In the days before medical science taught us that men can be infertile as well as women, infertility was assumed to always be the woman's problem. It was believed that all men were virile and fertile, so if no children were born to a couple, the woman was declared to be barren. In Sarai's case this was actually true, for we will find Abram being able to father a child with Hagar. But how did Sarai know she was the infertile person in the marriage? Did she just assume it because it was customary to assume it? Or had she always suffered from some sort of "female trouble" that led her to conclude that something in her anatomy didn't work the way it should? We don't know, but in ancient times there was a huge stigma attached to infertility. A woman who could not give her husband a child was pitied and looked down upon. She was treated as if she weren't a real woman at all. Imagine the toll this must have taken on Sarai's feelings of self-worth. Imagine going to the market and having to interact with pregnant women, with women who had multiple children tagging along behind them, and with women proudly showing off new grandbabies. Women in our own day, who struggle with infertility year after year, find these situations difficult. But for Sarai it must have been even worse, for she'd have had to deal with the pitying stares and the whispers of fertile women who either feel sorry for her, look down on her, or suspect there must be terrible sin in her heart if the Lord has prevented her from becoming a mother.

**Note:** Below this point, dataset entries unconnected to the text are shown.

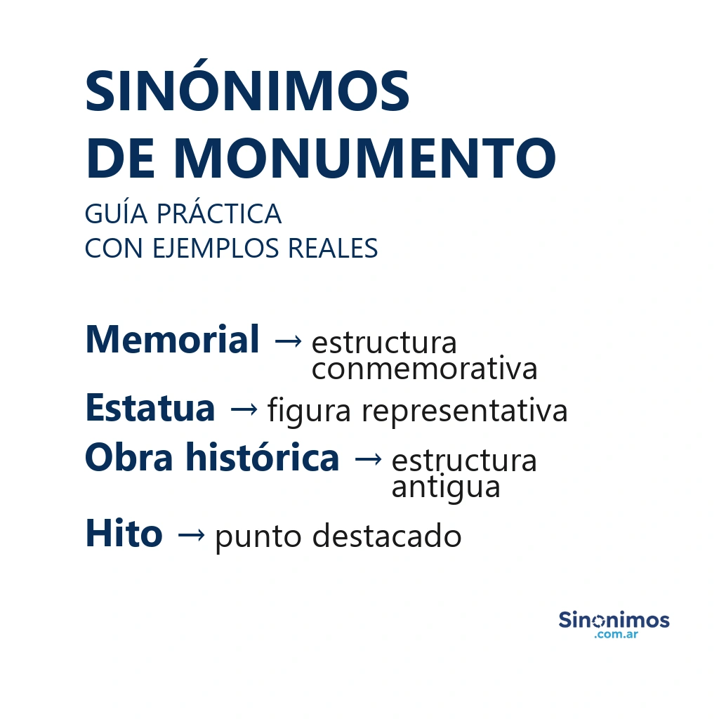 A continuación se agrupan los sinónimos de “monumento” según el tipo de obra, valor simbólico o relevancia histórica que expresan.
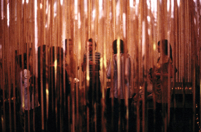 Mobile Chorus (2006-ongoing) is a 3-minute, 5-part instrumental score, for 5 or more voices, to be performed for variable durations. The score references the earlier audio interludes, Songs I, II, III (2005), which comprise sung instances of the lyric ‘golden’. Mobile Chorus is realised through occasional performances by non-professional singers, according to the instructions below. At Diaspora Pavilion, Mobile Chorus will take place within the artist’s installation, Untitled (Pavilion).
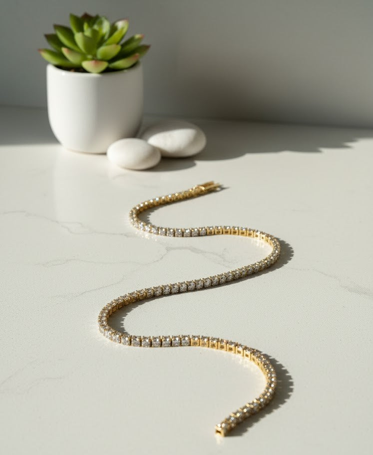 Zarafeti bileğinizde taşıyın! Işıltılı gold kaplama ve su yolu tasarımıyla her kombinle uyum sağlar. Günlük şıklığınızı tamamlayacak, özel anlarınıza zarafet katacak bu bileklik, sizin stilinizin yeni favorisi olacak.
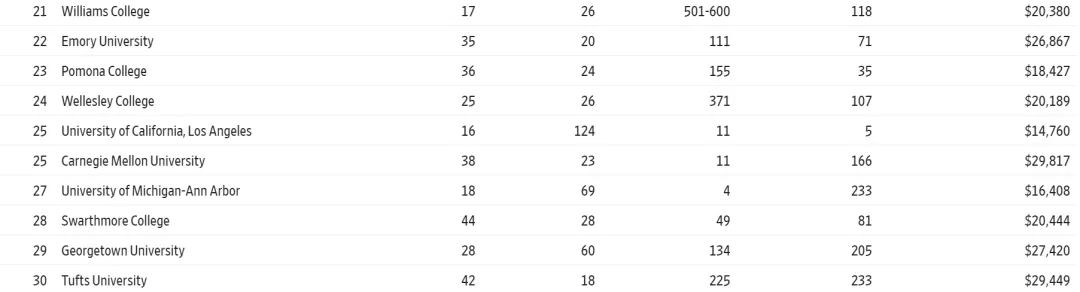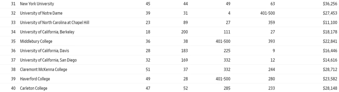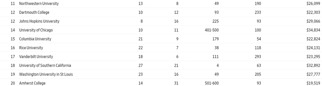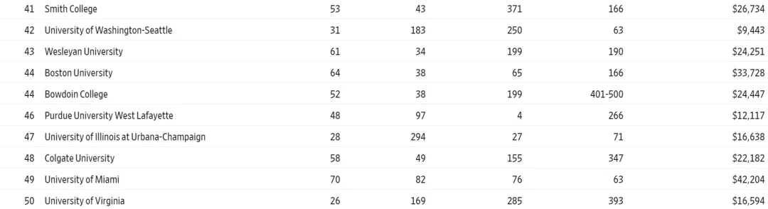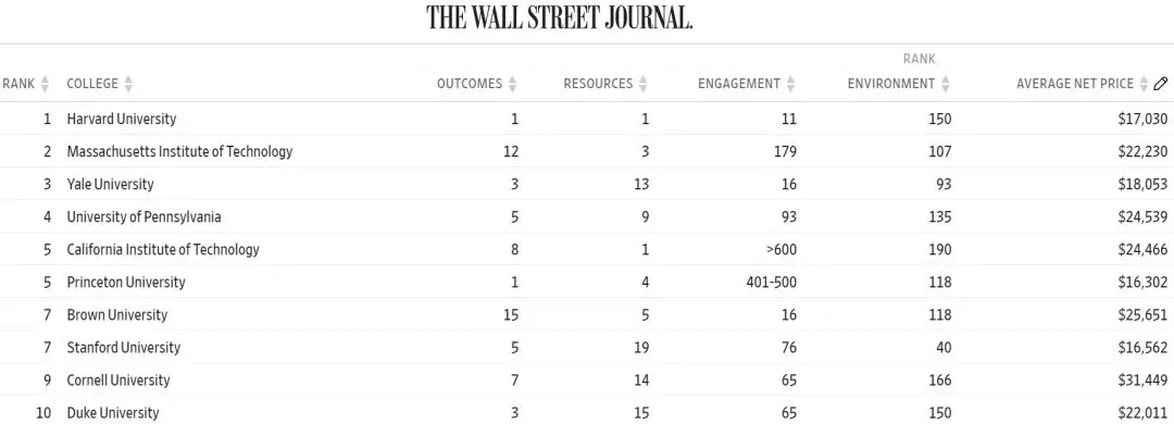 不过如今有了这份来自华尔街和THE的榜单, 也算是给大家选校提供了新的思路,给家长和同学们另一个可靠的参考 。
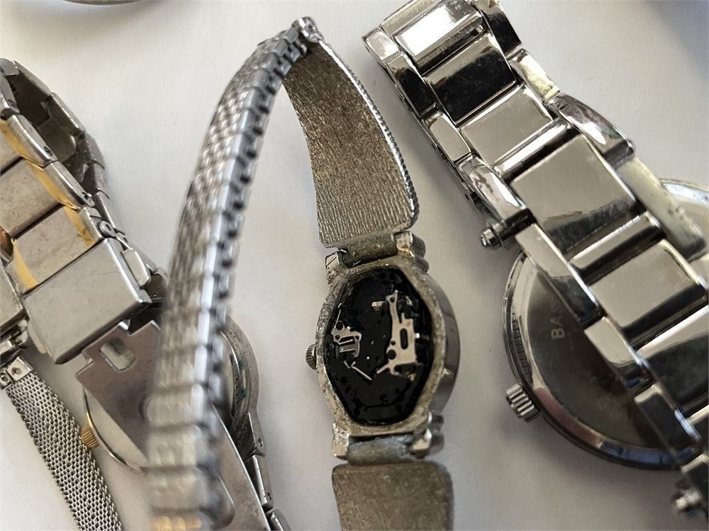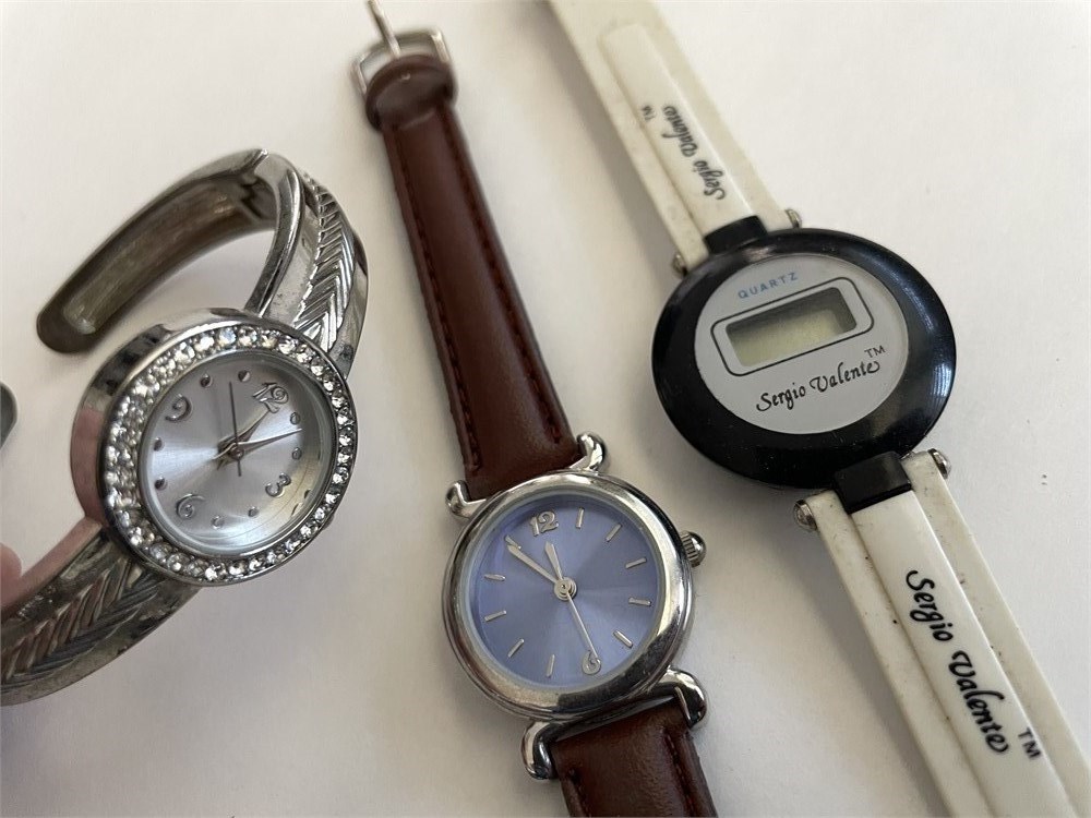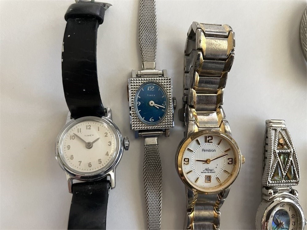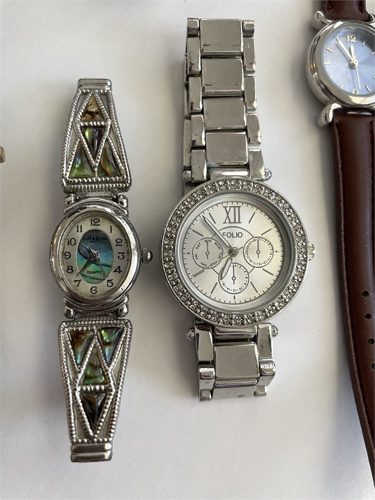 Assorted styles and conditions.  Selling the whole group together, as is.  Most look nice and probably only need a battery.  The abalone style one is missing its back; and the Armitron one is missing its crystal.  Brands include Timex, Sergio Valente, Folio.
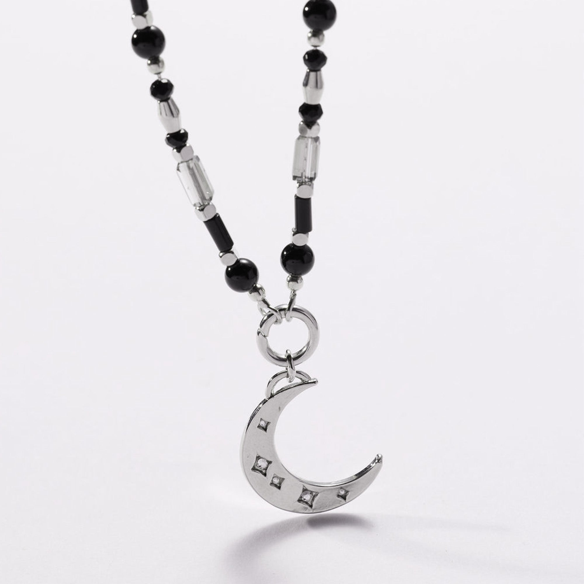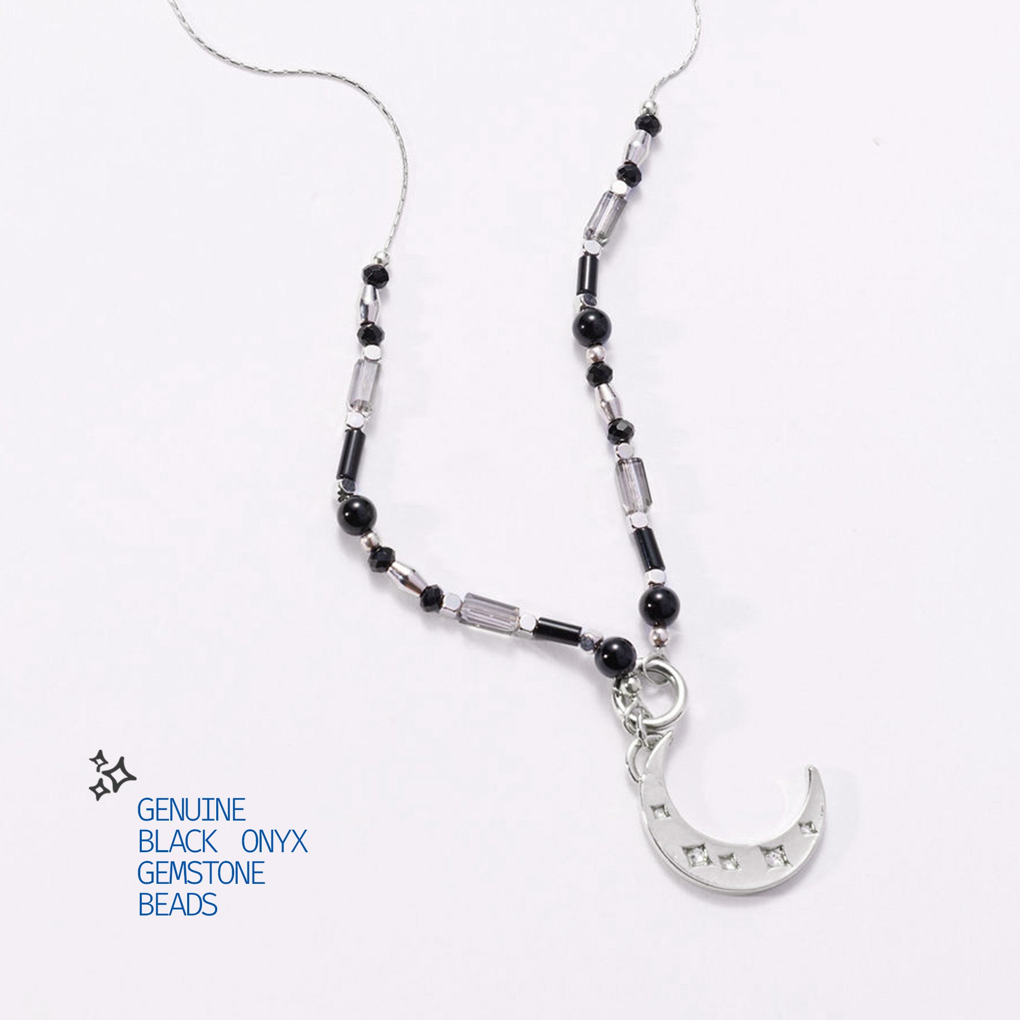 Hand-strung genuine onyx and glass beads on chain, finished with our invisible center link holding the crescent moon intention charm. Adjustable from choker to 26”.
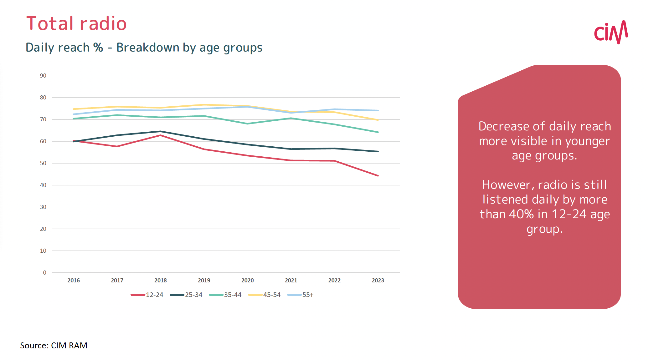 Autre enseignement, et malgré la transformation rapide du paysage, la diminution de la portée quotidienne est plus visible chez les plus jeunes. Cependant, la radio belge est toujours écoutée quotidiennement par plus de 40% des 12-24 ans.
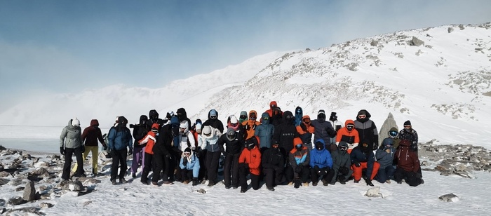 Von Sturm bis Traumwetter ist bislang alles dabei. Hier wagten sich die Teilnehmer:innen der Ski-AG im Sturm bei Windgeschwindigkeiten von 100-150 km/h zu einem kurzen Abenteuerspaziergang aus ihrer Unterkunft auf 2800 m.ü.M.
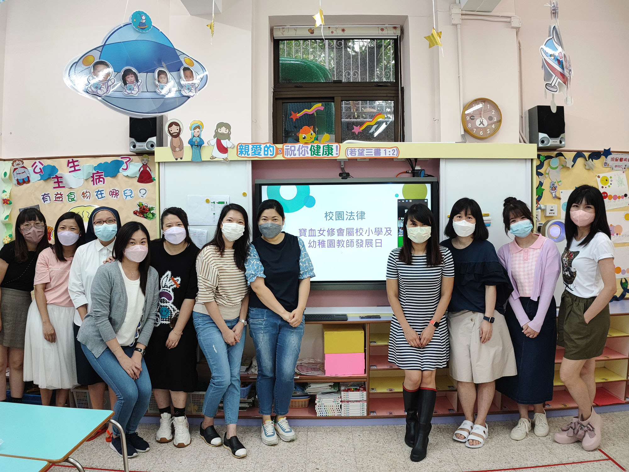 本園全體老師於2022年5月12日參與由寶血女修會教育事務處主辦之「校園法律」講座,當日邀請了香港調解仲裁中心主席蘇文傑律師講解有關校園法律知識,蘇律師透過一些實際事例闡述有關校園律例,以及學校和老師在校園法律上的角色與責任,藉此加強老師在校園法律上的專業知識,老師們都十分投入講座中,認真聆聽講者的解說。
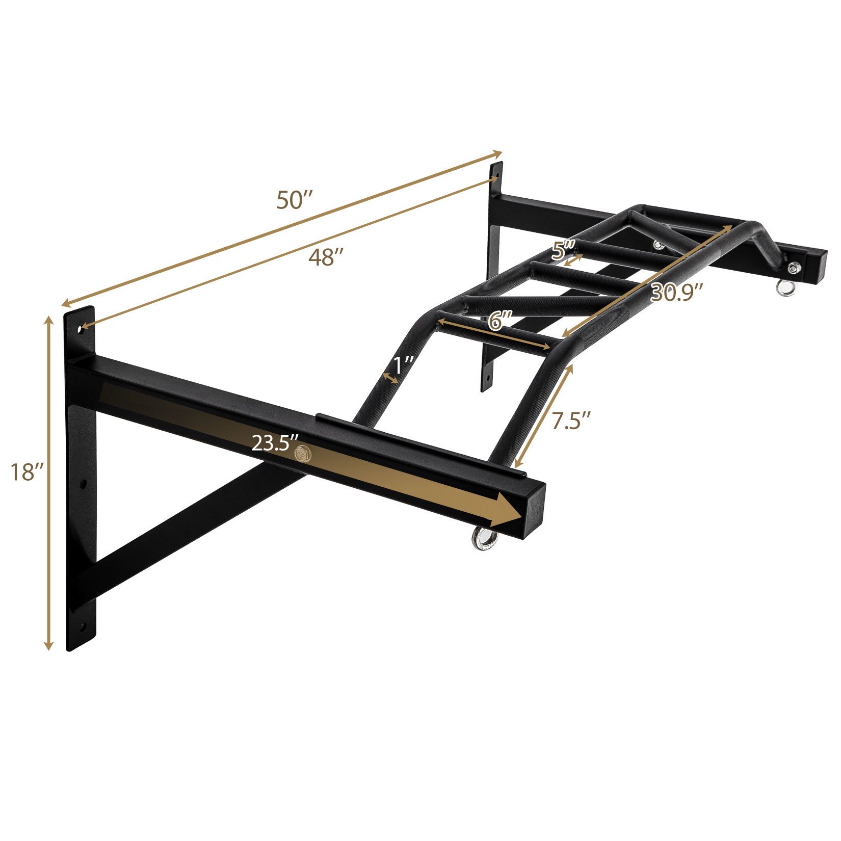 - The 1.5" x 1.5" thick steel frame with additional crossbars on both sides ensures particular sturdiness, so you can fully rely on this pull-up station during your workout.

It was considered a shame to be barren in Sarai's time, and she's dealt with this year until she's past the age of menopause, and now she's given up on becoming a mother by natural means. The years of disappointment and disgrace have taken a heavy toll on her. She's reached the point of desperately offering her personal maid to be the secondary wife of her husband just so she can at last call herself a mother. She can bear the shame no longer. She feels like she can't take one more pitying stare or one more whisper behind her back. She is a virtuous woman but knows some people think she's a sinner and that her infertility is the punishment of the Lord. She wants to be the woman proudly holding a child by the hand in the marketplace. She wants it so badly that she's willing to do anything in order to be a mother---even if that means giving her husband a second wife. This is the low point to which the expectations of her culture and the years of disappointment have brought her.

Does she lack faith in the Lord? Yes, I think she does, but I can't help feeling sorry for her. She's a victim of her culture, of her time in history, and of her medical inability to produce the one thing she wants above all others. I can see why she makes the request she makes of her husband, and although it's not a request I can imagine making of my own husband, I understand what brought her to this point. Whatever amount of faith she has in the Lord, it is not strong enough to stand up to the pressure she's under, and she breaks. Could she and should she have stood strong and waited on the Lord? Yes, but haven't we all become impatient while waiting on the Lord? Haven't we all messed up because we wanted something so badly that we didn't wait for the Lord? If you haven't, odds are that if you live long enough, you'll get ahead of Him somewhere along the line. It's a human failing and we are all humans.

I can understand Sarai's reasoning better than I can understand Abram's, but tomorrow we are going to talk about what may have caused Abram to agree to Sarai's request.